Claude’s new AI file creation feature ships with deep security risks built in

On Tuesday, Anthropic launched a new file creation feature for its Claude AI assistant that enables users to generate Excel spreadsheets, PowerPoint presentations, and other documents directly within conversations on the web interface and in the Claude desktop app. While the feature may be handy for Claude users, the company's support documentation also warns that it "may put your data at risk" and details how the AI assistant can be manipulated to transmit user data to external servers.

The feature, awkwardly named "Upgraded file creation and analysis," is basically Anthropic's version of ChatGPT's Code Interpreter and an upgraded version of Anthropic's "analysis" tool. It's currently available as a preview for Max, Team, and Enterprise plan users, with Pro users scheduled to receive access "in the coming weeks," according to the announcement.

The security issue comes from the fact that the new feature gives Claude access to a sandbox computing environment, which enables it to download packages and run code to create files. "This feature gives Claude Internet access to create and analyze files, which may put your data at risk," Anthropic writes in its blog announcement. "Monitor chats closely when using this feature."
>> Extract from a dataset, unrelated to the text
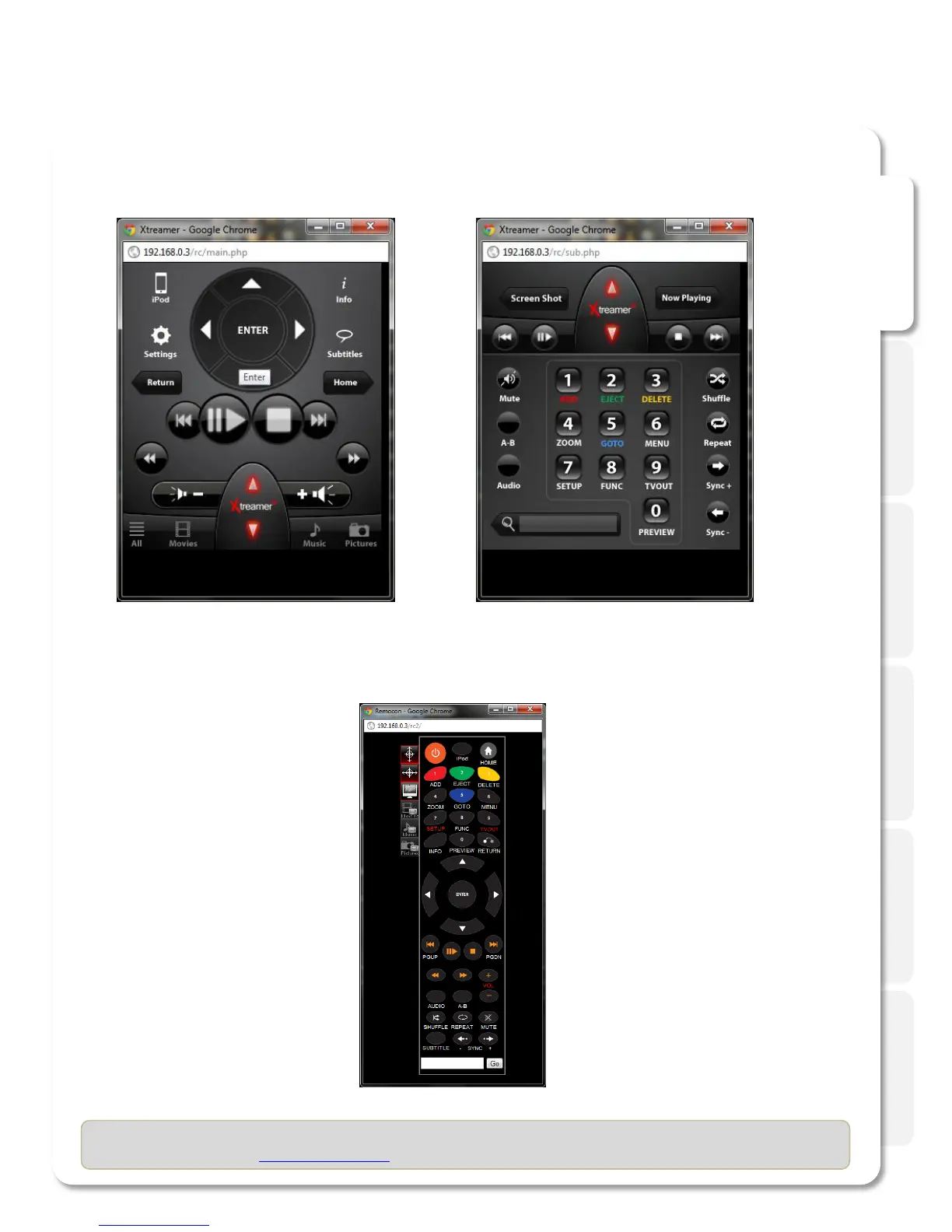 To use Xtreamer virtual remote control applications simply enter Xtreamer’s internal IP into the URL

According to Anthropic's documentation, "a bad actor" manipulating this feature could potentially "inconspicuously add instructions via external files or websites" that manipulate Claude into "reading sensitive data from a claude.ai connected knowledge source" and "using the sandbox environment to make an external network request to leak the data."

This describes a prompt injection attack, where hidden instructions embedded in seemingly innocent content can manipulate the AI model's behavior—a vulnerability that security researchers first documented in 2022. These attacks represent a pernicious, unsolved security flaw of AI language models, since both data and instructions in how to process it are fed through as part of the "context window" to the model in the same format, making it difficult for the AI to distinguish between legitimate instructions and malicious commands hidden in user-provided content.

The company states in its security documentation that it discovered the vulnerabilities of the new feature through "red-teaming and security testing" before release. Anthropic's recommended mitigation for users is to "monitor Claude while using the feature and stop it if you see it using or accessing data unexpectedly," although this places the burden of security entirely on the user in what is marketed as an automated, hands-off system.

Independent AI researcher Simon Willison, reviewing the feature today on his blog, noted that Anthropic's advice to "monitor Claude while using the feature" amounts to "unfairly outsourcing the problem to Anthropic's users."

Anthropic’s mitigations

Anthropic is not completely ignoring the problem, however. The company has implemented several security measures for the file creation feature. For Pro and Max users, Anthropic disabled public sharing of conversations that use the file creation feature. For Enterprise users, the company implemented sandbox isolation so that environments are never shared between users. The company also limited task duration and container runtime "to avoid loops of malicious activity."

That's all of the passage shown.